"Pencereden kar geliyor, aman Ali'm
Döndüm baktım yâr geliyor.
Sevdiğimi eller almış,
O da bana zor geliyor, ar geliyor"
Mevsim olarak kışı yaşamadığımız doğrudur şu günler. Pencereden bakıldığında yâr falan da gelmiyor ama köy türküleri deyince birden aklıma bu türkü düşüverdi işte… Belki de bir başlanılmışı yitirmenin ar'lığı ve dahi de zorluğuydu bu köy türküsünü hatırlamama sebep.
Üşengeç rûhuma aldırmadan kalkıp Şemsettin Sami'nin Kâmus-i Türkî isimli sözlüğüne bir göz atıyorum.

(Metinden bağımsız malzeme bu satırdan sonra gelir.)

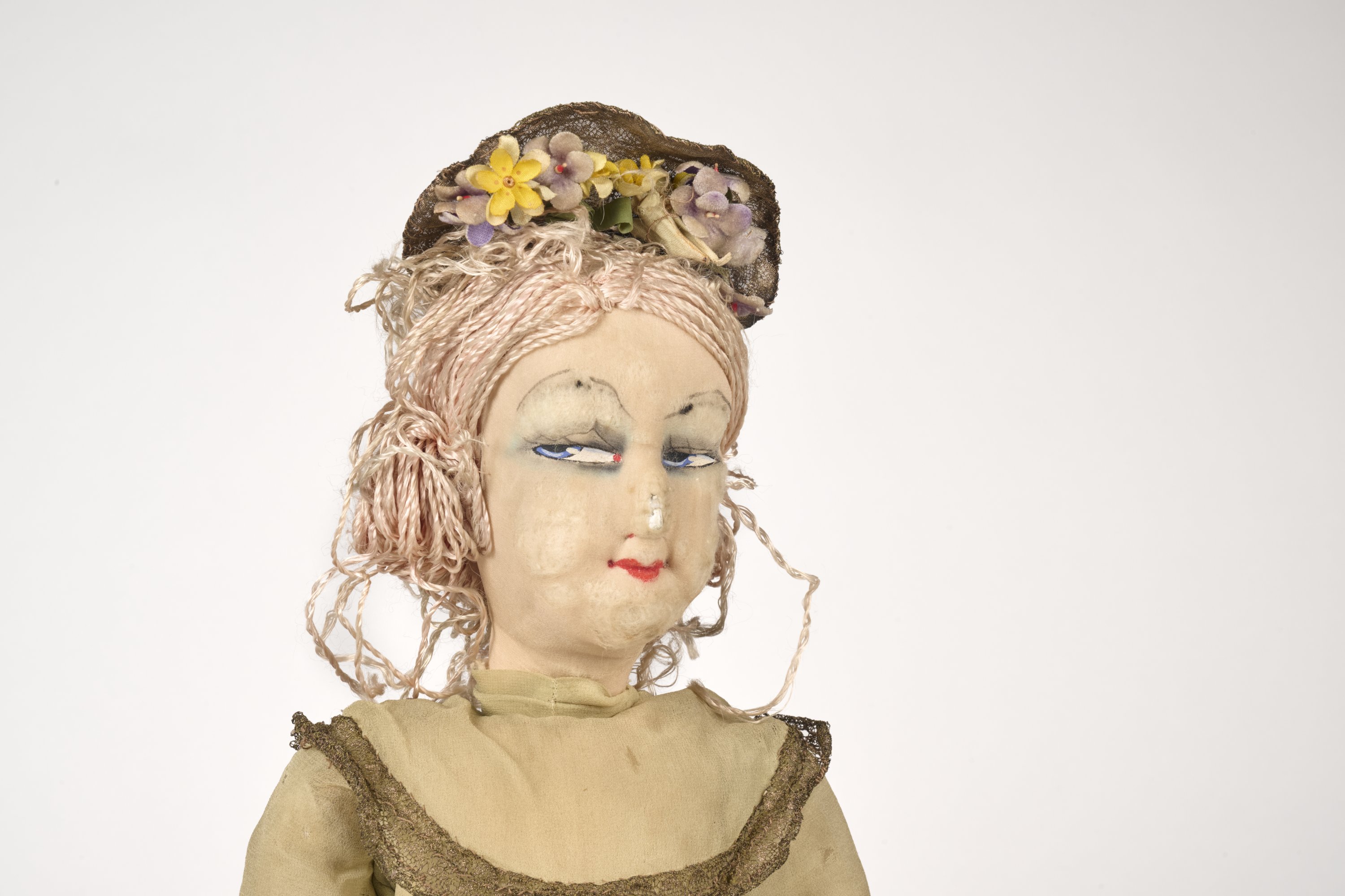 La mode des "poupées-portraits" atteint son paroxysme dans le Paris des années folles. Outre les poupées aux traits caricaturaux de Marie Vassilieff (Russe, 1884-1919), il faut noter les productions de Stefania Lazarska et de Germaine de Roton (Française, 1889-1942). Alors que la deuxième produit, en sus de poupées-portraits, notamment de Joséphine Baker (35e vente Garden-Party, Rouillac, 4 juin 2023, n°2), des poupées de salon en tissu, inspirées des contes slaves et des chefs-d'oeuvre de la peinture, la troisième représente Ida Rubinstein et La Pavlova en 1924 (Lyon, Musée des Beaux-Arts, inv. FNAC 8680 1 et 2). Lazarska réunit une trentaine d'artistes dans l'atelier polonais qu'elle fonde à Paris en 1915 (cf. "Pionnières. Artistes dans le Paris des années folles", cat. exp., Paris, Musée du Luxembourg, 2 mars - 10 juillet 2022, Paris, RMN, 2022, p. 73, 82-83). Notre poupée est toujours restée dans la descendance de la comtesse Tatiana Scheremetiew, dont la carrière de chanteuse internationale débute dès l'âge de 14 ans avec son interprétation de "Blanche-Neige" dans la version suédoise du film de Walt Disney.

Türkü: "Türk’e has şarkı." Bu ince ifadeden sonra “Türk’ü anlamak için türkü dinlemek gerek” sözüne bir kez daha yürekten alkış tutuyorum. Öyle ya, Türk’e has, onun özellikleriyle, kültürüyle müşahhas bir tarif var ortada…
"Şairim şair olmasına
Canım kurban şiirin gerçeğine hasına.
Zifiri karanlıkta gelse şiirin hası,
Ayak seslerinden tanırım.
Ne zaman bir köy türküsü duysam
Şairliğimden utanırım.."
Bedri Rahmi gibi bir şairi şairliğinden utandıran şu köy türkülerimiz yok mu... Onlar ki; kâh bir karasaban peşindeki yanık yürekli delikanlının söyleyemediği söz olarak dudaklardan dökülmüştür, kâh harman döveni üzerinde dönüp duran sevdalı bir kızın yüreğinden… Kimin, nasıl ve niçin söylediği önemli olmasına rağmen bizce daha güzel olan o sahici türkülerimizin ve içli "insancasına, erkekçesine" söylenmiş olması daha da bir önem arz etmektedir…
Âh bu köy türkülerimiz âh!.. "Kitaplarda değil, türkülerde ara yemeni- öleni, kalanı, gidip de geri gelmeyeni" Hatta sınırsız düşlerini idam ettirenleri…
Türkülerimiz bazen kara tren olur; Yeniköy’ün yokuşunu, Kardeşler’in büküşünü aşarak gurbet ele yâr götürür… Bazen yeşilbaşlı ördek olur türkülerimiz; gönülcüğümüzü göle düşürür… Çoğu kez Mecnûn kılar âşığı ve çöller ardındaki Leylâ serabına salar… Ve yine bazen Erciyes’te duman olur bir türkü ve ardından Gazi’nin Boğazı’nda yitik bir sevgili aratır bizlere yana yakıla… "Ağlama sevdam, ağlama sevdam, ağlamaaaaaa" şeklindeki ezgisiyle bir özürnâmesi olur yüreğimizin, cânânımıza karşı bu türkülerimiz, köy türkülerimiz!
Şairin dediği gibi, belki çoğunun altında bir imza dahi yoktur. Ama gel gör ki bu köy türkülerimizin içinde koskocaman yürekler vardır, o yüreklerin kanayan bir yanları mutlaka vardır...
Es Gömecim, es fırtınam, es rüzgârım esssssss!.. Zannetme ki ben sana bedduâlar ederim. Bir gün saçlarından yakalayabilmek için yaşamı, oturur Uzunkaş’ın önünde bir türkü tuttururum.